Great interviews. Just one thing: "phenomena" is plural. The singular form is "phenomenon". 😉
Consciousness could be a property that grows with the complexity of systems. We project too much when it comes to looking for it in other systems. We are biased in that we are alive, we have 70~yr life cycles, a day is a day to us. A tree might have a 400 year life cycle, respond very slowly to its environment, but still be conscious. I like this idea of thinking of it as a fundamental principle, just like "spin" or "charge". Even much larger systems such as galaxies could be having subjective experiences, just on much slower timescales than us. Celestial bodies communicate via light, energy, and gravitational info, who's to say this isn't in response to some input from a higher layer? If we could only look at individual mechanisms of consciousness, i.e. neurons, would we ever be able to tell that these parts form the building blocks for the intelligence of a large system? How? We discovered consciousness only when the gigantic complexity of our brains achieved a certain breaking point, but it doesn't mean consciousness wasn't a thing in the universe before we had enough of it to notice it.

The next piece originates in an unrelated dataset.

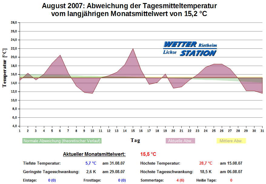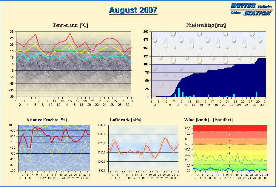 *************************************************** ************** T E M P E R A T U R ************** *************************************************** Mittlere Temperatur: 15,5 °C MIN Temperatur: 5,7 °C am 31.08.07 MAX Temperatur: 28,7 °C am 15.08.07 Mittlere MIN Temperatur: 10,8 °C Mittlere MAX Temperatur: 20,6 °C MIN Temp Delta : 2,6 K am 29.08.07 MAX Temp Delta : 18,5 K am 06.08.07 Mittl. Temp Delta: 9,8 K Starkfrosttage : 0 Eistage : 0 Frosttage : 0 Sommertage : 4 Heiße Tage : 0 *************************************************** ************ N I E D E R S C H L A G ************ *************************************************** Ges. Niederschlagsmenge: 118,1 mm MAX Niederschlag/Stunde: 7,6 mm am 12.08.07 MAX Niederschlag/Tag: 27,7 mm am 08.08.07 MAX Niederschlag in 24h: 36,6 mm am 09.08.07 MAX Niederschlag Rate: 155,7 mm/h am 12.08.07 Niederschlag an 17 Tagen Regentage (> 1mm) : 14 Regentage (> 3mm) : 11 Regentage (> 10mm) : 4 Regentage (> 20mm) : 1 *************************************************** ******************** W I N D ******************** *************************************************** Mittlere Windgeschwindigkeit: 0,7 m/s = 2,4 km/h Hauptwindrichtung: NNW Maximale Windgeschwindigkeit: 9,4 m/s = 33,8 km/h aus SW am 02.08.07 Prozentuale Verteilung Windgeschwindigkeit: Bft_0 (bis 0,9 km/h) : 45.65 % Bft_1 (bis 5,6 km/h) : 40.24 % Bft_2 (bis 12 km/h) : 12.88 % Bft_3 (bis 20 km/h) : 1.22 % Prozentuale Verteilung Windrichtung: N : 32.4 % NNO : 2.5 % NO : 1.4 % ONO : 0.4 % O : 1.4 % OSO : 11.9 % SO : 2.0 % SSO : 7.4 % S : 2.0 % SSW : 17.3 % SW : 3.4 % WSW : 4.4 % W : 4.7 % WNW : 1.1 % NW : 3.5 % NNW : 4.1 % *************************************************** *************** L U F T D R U C K *************** *************************************************** Mittlerer Luftdruck: 1013,6 hPa MIN Luftdruck: 1002,8 hPa am 21.08.07 MAX Luftdruck: 1026,6 hPa am 25.08.07 *************************************************** ************ L U F T F E U C H T E ************** *************************************************** Mittlere rel. Luftfeuchte: 80,0 % MIN rel. Luftfeuchte: 35,0 % am 01.08.07 MAX rel. Luftfeuchte: 100,0 %

I'm not even convinced consciousness is a result of life, it is probably just accelerated by it, because of life's tendency to combine materials to build a fortress to protect its own genetic material. If you think about it, we're not "one thing", we're millions of individual cells & dna & atoms, we're a giant complex system where each part has its own discrete identity and each part has goals in common. I think this is key.

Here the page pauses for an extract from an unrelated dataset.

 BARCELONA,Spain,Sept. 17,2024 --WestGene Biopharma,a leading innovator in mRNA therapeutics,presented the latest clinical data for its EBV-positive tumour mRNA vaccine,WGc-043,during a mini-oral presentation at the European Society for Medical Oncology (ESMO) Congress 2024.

Why did we evolve to have feelings? — Dulguun
We never did. Darwin’s individual animals are not each conscious. Darwin’s survival of the fittest (the animals here now belong here best) is an expression that applies to competing unconscious falling water and rock, so introducing consciousness to explain one of Darwin’s evolutionary steps is unnecessary and incorrect.
Hey there guys. i was wondering, they talk about pensikism or something? could someone correct me on how to spell that correctly? i'm from europe so excuse me if this is a dumb question.
I'd love to do more research about it.
Ah, this podcast is so a refresher.
Parts remind me of my first encounter with "Second Life from Linden Lab".
This is going to be my favorite one so far, and I’m only 7 minutes in
A clue for the hard problem "General Anesthesia Decouples Cortical Pyramidal Neurons" https://www.cell.com/cell/fulltext/S0092-8674(20)30105-7 (2-20-2020) "If feedback signaling occurs predominantly through apical dendrites, the cellular mechanism we found would explain not only how anesthesia selectively blocks this signaling but also why conscious perception depends on both cortico-cortical and thalamo-cortical connectivity"
Lex, I love your lack of pretension and taste in guests, keep it up!
When dreaming we often forget the outside world, so yes consciousness splits up.
Everything is alive. Life does not end at the other side of a cell's membrane. A city is an organism too. There is no isolated system in the universe. It's systems within systems, overlapping each other.